(Extracted data)
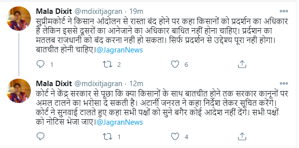 इससे पहले बुधवार को सुनवाई के दौरान किसान और सरकार में विवाद सुलझाने के लिए शीर्ष अदालत ने कमेटी गठित करने का संकेत दिया। कमेटी में सरकार और किसान संगठनों के प्रतिनिधि शामिल होंगे। अदालत ने इस संबंध में केंद्र, हरियाणा व पंजाब सरकारों एवं किसान संगठनों को नोटिस जारी कर संबंधित पक्षों से एक दिन में जवाब देने को कहा था। प्रधान न्यायाधीश एसए बोबडे की अध्यक्षता वाली तीन सदस्यीय पीठ ने रिषभ शर्मा, रीपक कंसल और जीएस मणि की याचिकाओं पर सुनवाई की। इस मामले में कोर्ट ने आठ किसान संगठनों को भी पक्षकार बनाते हुए नोटिस जारी किया।
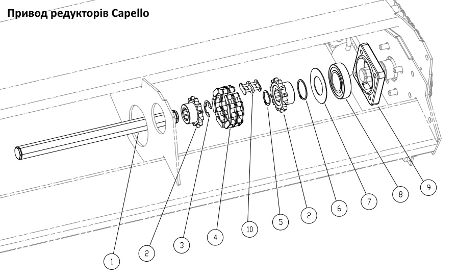 1 01.0878.00 вал шестигранний 650мм 2 01.0510.01 зірочка Z12 ASA 60 3 02.2085.00 кільце стопорне 4 03.4010.00 ланцюг ASA 60 5 04.5017.00 кільце регуліровочне E 30X1.5 |
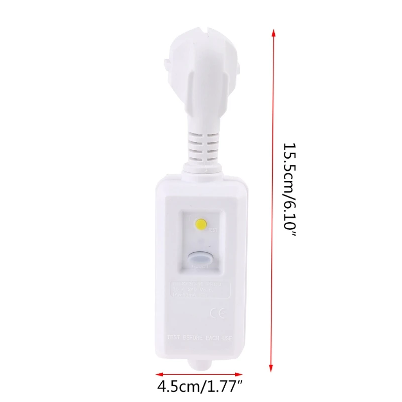 Imagine effortlessly enhancing your home safety with this sleek 16A leak-proof waterproof RCD/PRCD plug, expertly designed for electric water heaters, washing machines, refrigerators, and microwave ovens. Measuring approximately 4.1 x 14 cm (1.61 x 5.51 in), its compact and modern white design seamlessly integrates into any environment. With rapid response capabilities, this innovative plug automatically powers off within 0.1 seconds to prevent electric shock, providing peace of mind for you and your loved ones. Crafted from durable rubber and ABS materials, this plug promises reliability and protection against electrical surges or leaks, making it an essential device for your household appliances.
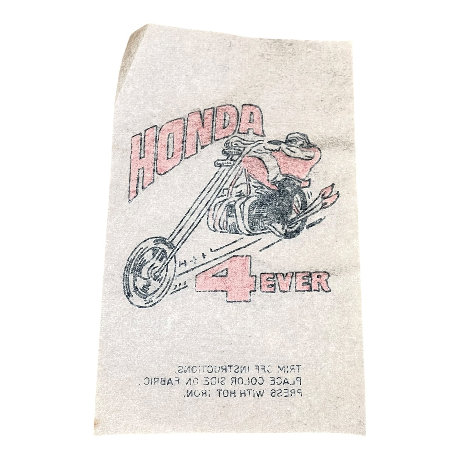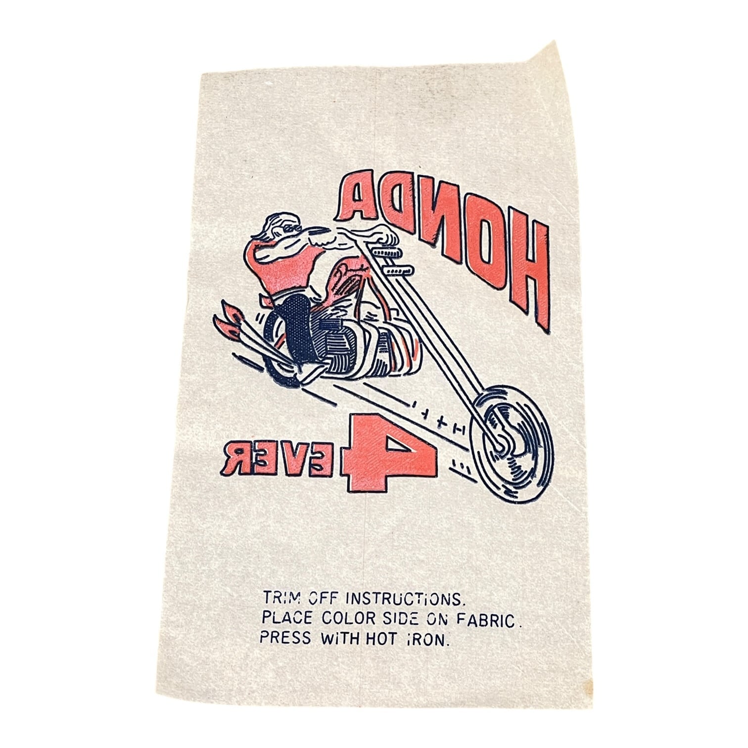 70年代のアメリカン・モーターサイクルカルチャーを感じさせる「HONDA 4EVER」のヴィンテージ・アイロン転写シートです。
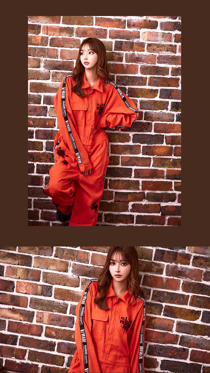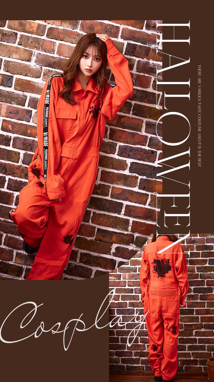 オレンジカラーが可愛いオールインワンタイプのプリズナーガールコスプレセット♪他では買えないsugar&JEWELSだけのオリジナルコスプレ!
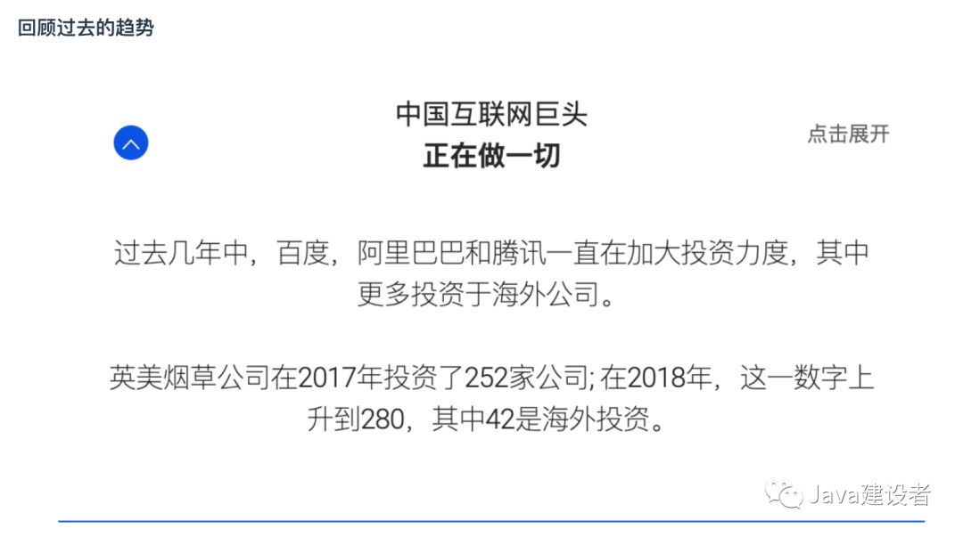 中国的科技巨头BAT(百度,阿里巴巴,腾讯)建立了生态系统,而挑战者TMD(头条,美团,大众点评,滴滴)则在加强其核心业务。
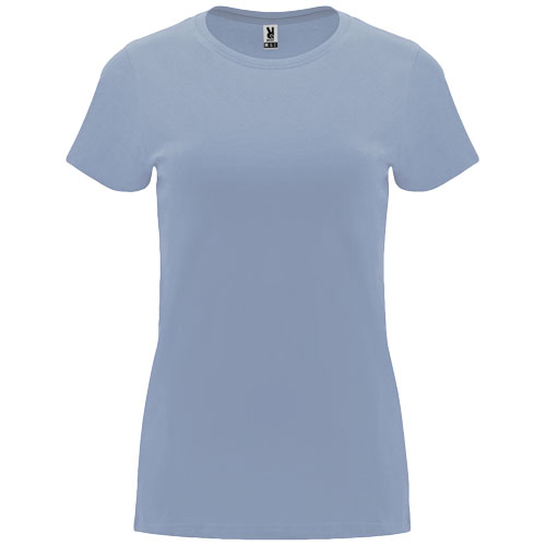 Dámské tričko s krátkým rukávem přiléhavého střihu. Žebrovaný výstřih ke krku. Zpevněné skryté švy na průkrčníku. Sundávací štítek.
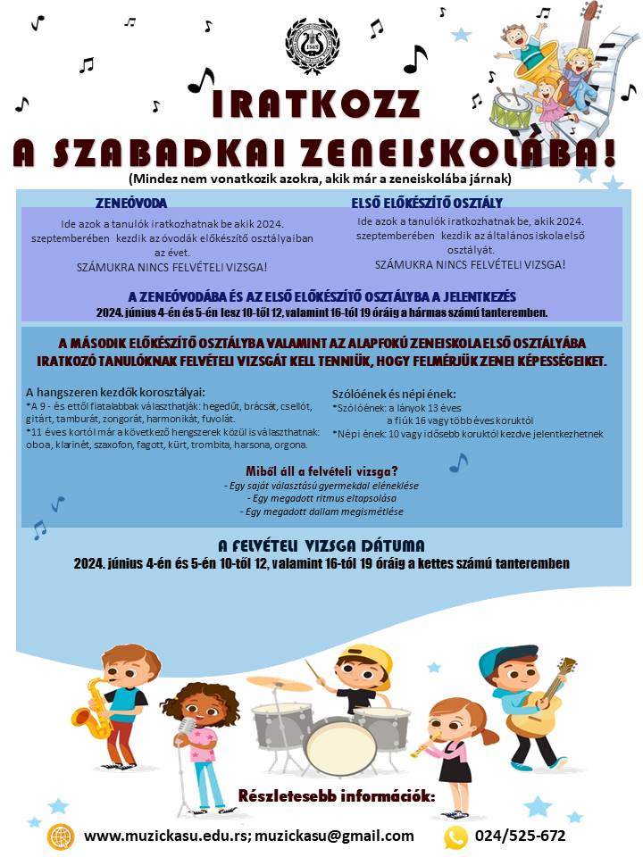 Az érdeklődők minden egyéb információt megkaphatnak az 572-672-es telefonszámon illetve a a muzickasu@gmail.com e-mail-címen. Mirjana Skobo és Guzsvány Lénárd igazgatóhelyettesek a 064/302-16-58-as telefonszámon állnak az érdeklődők rendelkezésére.
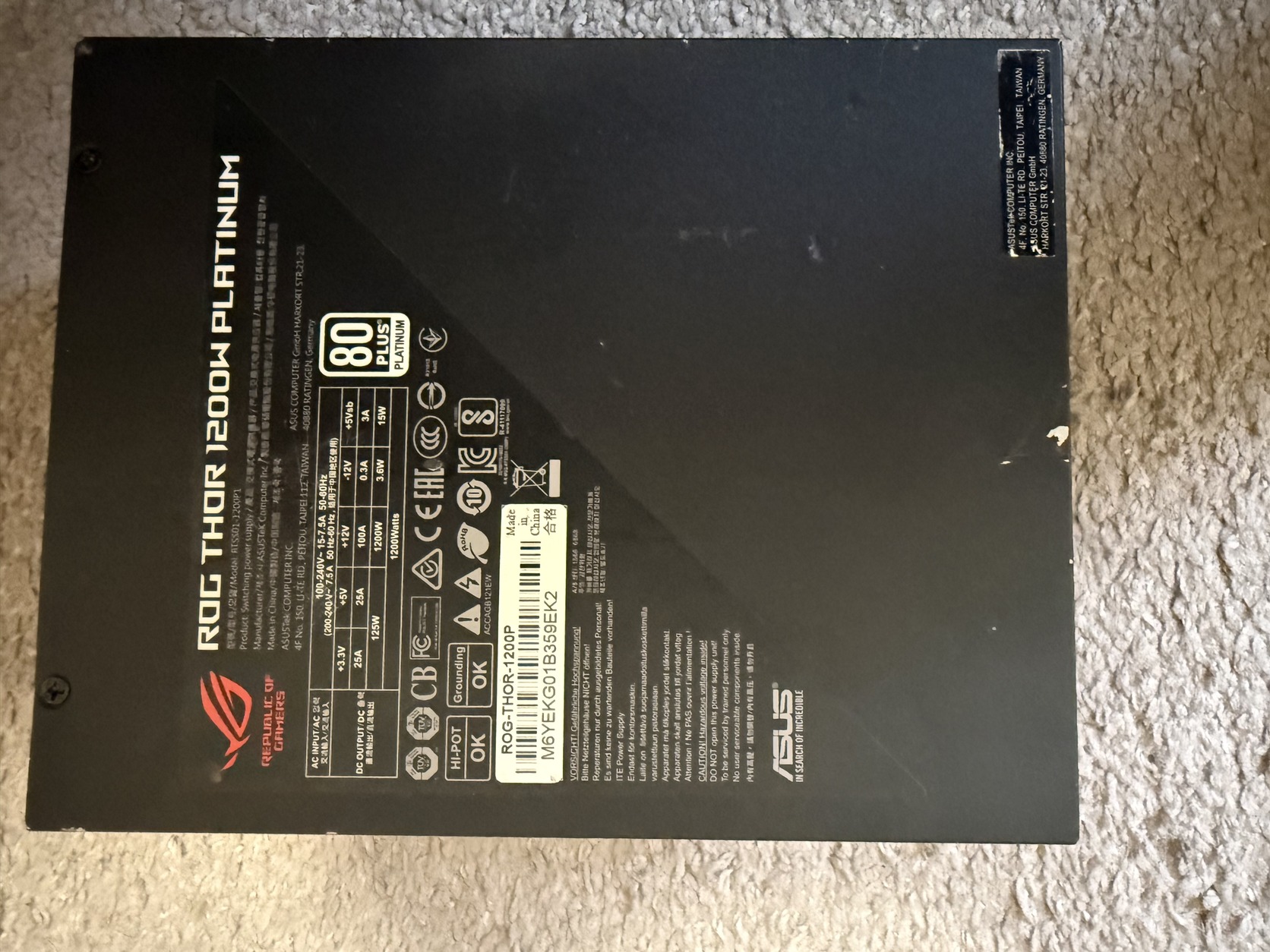 Asus Rog Thor 1200w Platinum rev1
(End Extracted data)
▶ [Required work]
Give back exactly the lines running from the one that contains "Dámské tričko s" to the end of the records, including both of those lines and excluding every picture.

▶ [Result]
 Dámské tričko s krátkým rukávem přiléhavého střihu. Žebrovaný výstřih ke krku. Zpevněné skryté švy na průkrčníku. Sundávací štítek.
 Az érdeklődők minden egyéb információt megkaphatnak az 572-672-es telefonszámon illetve a a muzickasu@gmail.com e-mail-címen. Mirjana Skobo és Guzsvány Lénárd igazgatóhelyettesek a 064/302-16-58-as telefonszámon állnak az érdeklődők rendelkezésére.
 Asus Rog Thor 1200w Platinum rev1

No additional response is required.